Note: For this SQL lesson, I will be using the Sequel Pro GUI for the MySQL database engine and will be querying the SFPD incident reports categorized as ASSAULT

If you want to see exactly the same results I do, you'll want to download and import the__ MySQL database of 2003 to 2013 assault reports from the SFPD__.

I've also created the SQLite version of that database, which should functionally be the same as the MySQL version.

For both MySQL and SQLite, I've also created a database of all the SFPD reports from 2003 to 2013. All the queries should work the same, except you can explore all the different categories of crime. The tradeoff is that the database is much bigger, and so will be slower to download, import, and query. If you're completely new to all this, I would just go with the assaults database, just so any errors you make don't take even longer to figure out.

The SQL interpreter's insistence on being told exactly what to do can be annoying when you just want to see everything by default, which is why most database GUIs let you browse a data table via the Browse/Content functionality:

img

But what if you want to see only a few columns, if just to reduce the amount of visual clutter? In a spreadhseet, you would have to manually rearrange or hide the columns – or, as some foolish novices do and regret later: delete the unwanted columns.
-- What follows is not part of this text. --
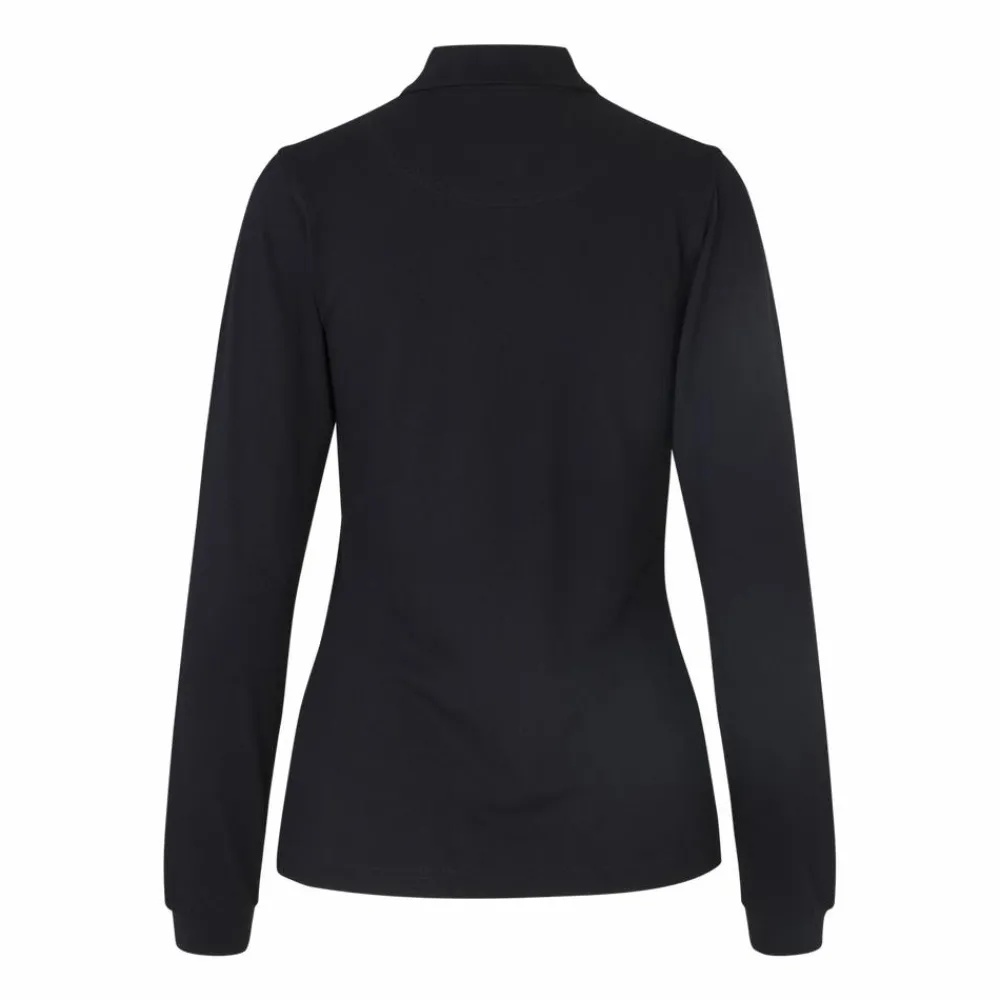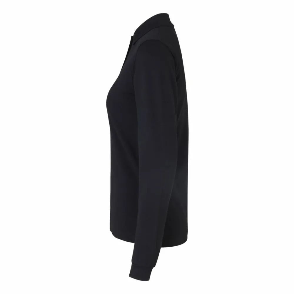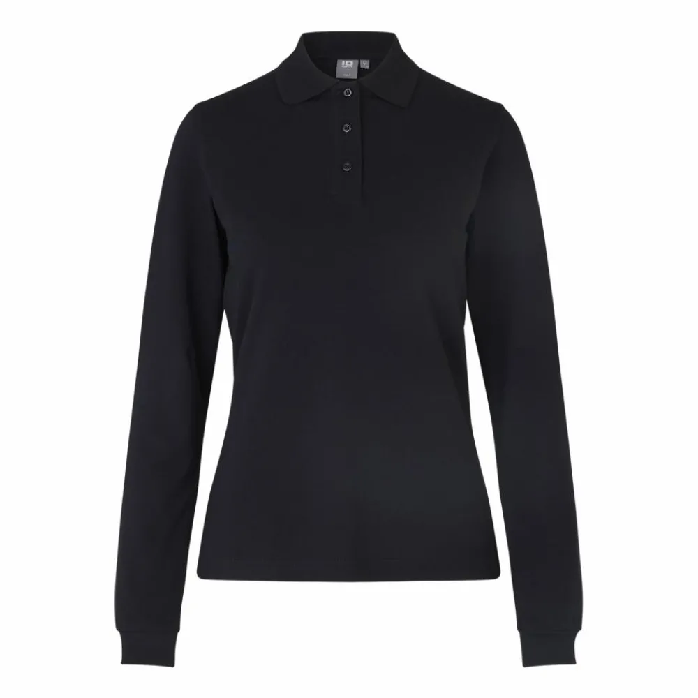 ID dame poloshirt med stretch. Polotrøjen har lange ærmer med elastik rib i enden. Trøjen har krave med knappelukning.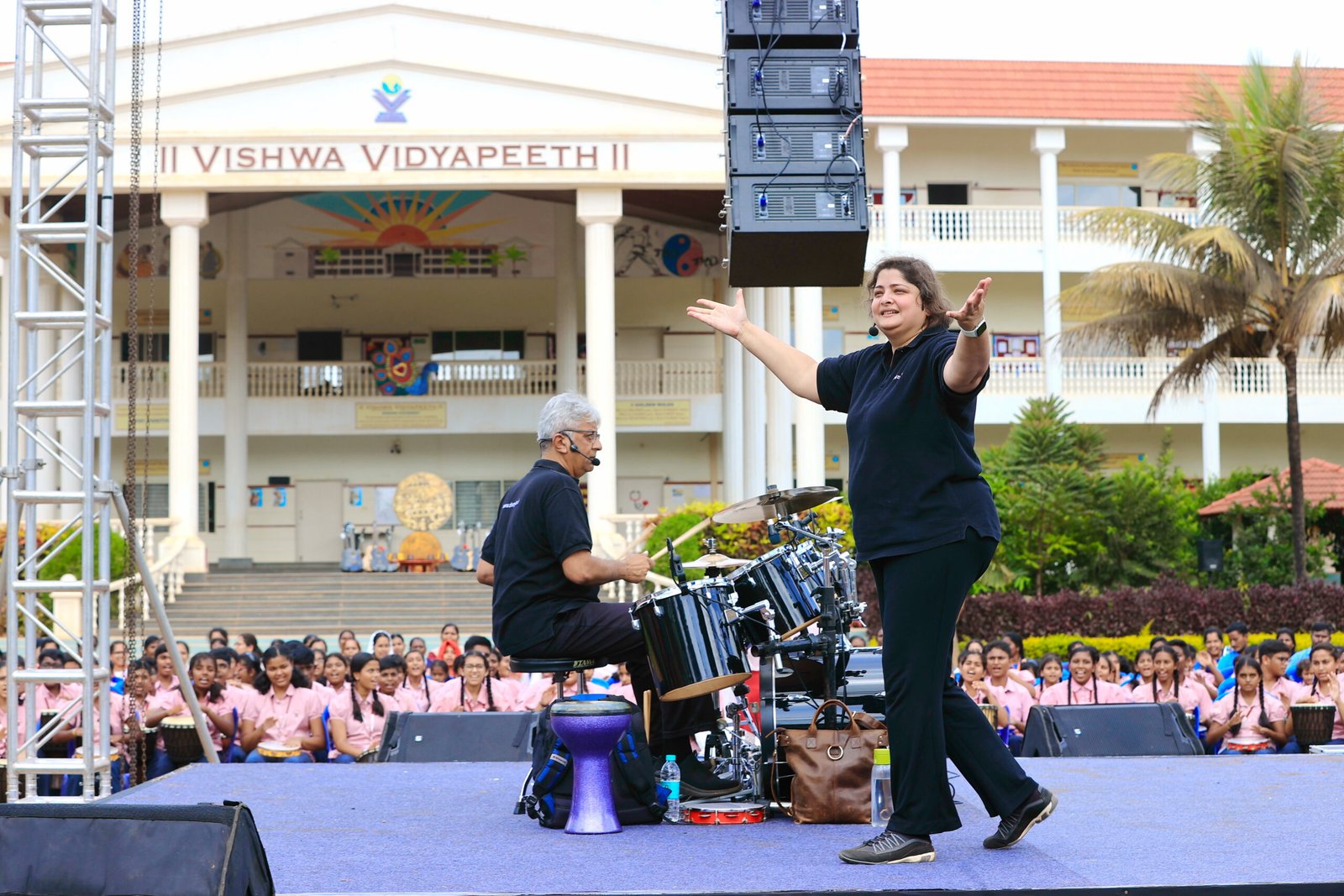 A much anticipated event, the Drum Jam was held at Vishwa Vidyapeeth on 26th August, 2023. Renowned singer, musician and actor, Ms Vasundhara Das along with drummer extraordinaire, Roberto Narain and her team of musicians conducted the drum jam for students and parents. The entire school ground reverberated with the sound of drums and singing. Students created their own rhythm guided by Mr Narain. An unforgettable experience for all involved, the drum jam will stay in all our memories for years to come.

With SQL, you can select data fields with a query like this:

SELECT Category, Descript, Date, Time FROM sfpd_incidents

img

Video

Watch me execute a SELECT query with Sequel Pro:

The typing may seem tedious, but the tradeoff is that by being explicit, you do away with the fumbling click-and-drag-and-button-pushing motions that will inevitably result in embarrassing data mistakes, even for the best of Excel-masters; ask these Harvard economists about it.

The SELECT statement

This expression retrieves columns. Used alone, it will retrieve literal or computed values. It's not particularly interesting until we refer to tables, but let's see what the syntax looks like by itself:

SELECT a value

Executing this basic query:

SELECT "hello world";

Will return a single column titled "hello world" and a single row with the value of "hello world". Nothing special here:

img

Querying for a computational statement, such as adding two numbers together:

SELECT 10 + 32;

– will result in this:

10+32
42

SELECT a series of values/columns

Use commas to select multiple fields/values:

SELECT "A", "B", 9 + 7, "Hello world"
A B 9 + 7 Hello world
A B 16 Hello world

The FROM clause

If we think of SELECT as a sentence, then our sentences so far have been very simple. Just as in English, we add complexity to our SQL statements with clauses.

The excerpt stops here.